Creating Great AI Products: The Rules
This lesson provides logical, easy to understand rules for creating great AI in all phases of production.
Rules of machine learning: Best practices for ML engineering
Google has made public a document sharing their best practices in ML engineering. Everyone working on creating smart products should know these best practices because there is no need to reinvent the wheel; we should listen to the experts and learn from the principles of those who have mastered their craft by being on the battlefield time and time again.
“Do machine learning like the great engineer you are, not like the great machine learning expert you aren’t.” [cit. Google]
The document is pretty extensive and detailed, and I recommend you to read it fully. However, I have summarized it here to help you remember the rules (and recall them) easily. I want to ensure that you lead and guide your team to create great ML-driven products!
Phase 0 – Before ML: Understand whether the time is right for building a machine learning system
Before implementing ML in your system, consider the following rules to determine whether it is appropriate to incorporate ML.
Rule #1 – Don’t be afraid to launch a product without machine learning: If machine learning is really required, you can start with some simple heuristics. Otherwise, wait until you have enough data.
Rule #2 – Design and implement the metrics first: Add metrics, and then add some more. Before formalizing what your machine learning system will do, track as much data as possible in your current system and design your system with metric instrumentation in mind. Gathering metrics in a liberal way will allow you to gain a broader picture of your system.

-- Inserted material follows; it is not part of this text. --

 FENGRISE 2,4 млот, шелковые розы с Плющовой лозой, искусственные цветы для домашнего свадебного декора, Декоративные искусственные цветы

Rule #3 – Choose machine learning over a complex heuristic: Start with simple heuristics. Next, move on to machine learning.

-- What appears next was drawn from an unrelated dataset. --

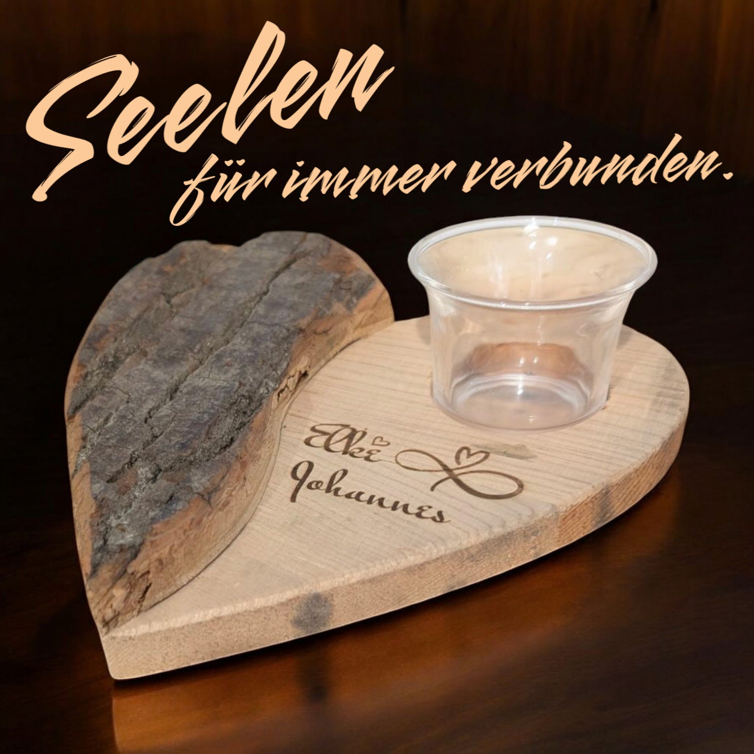 Herz Leuchter aus Holz mit Baumrinde und Teelichtglas personalisiert

Phase 1 – Your first ML pipeline
Once you can decipher when to implement machine learning, these rules walk you through creating your first ML pipeline.
Rule #4 – Keep the first model simple and get the infrastructure right: Don’t start with fancy models and features. Focus on fixing the infrastructure issues first, e.g., ensure that your (simple) features are correctly reaching both the algorithm and the server. This simple model will provide you with baseline metrics and a baseline behavior that you can then use to test more complex models.

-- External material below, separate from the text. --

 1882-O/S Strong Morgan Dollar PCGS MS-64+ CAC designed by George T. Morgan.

Rule #5 – Test the infrastructure independently from machine learning: Have a testable infrastructure. Test data flow into the algorithm and its processing. Test getting models from the training algorithm.
Rule #6 – Be careful about dropped data when copying pipelines: Often we create a new pipeline by recycling some existing pipeline, and the old pipeline drops data that we need for the new pipeline. Make sure that all the pieces are in place when doing so.
Rule #7 – Turn heuristics into features, or handle them externally: Don’t just discard existing heuristics related to the machine learning problem you are trying to solve. For example, don’t try to ...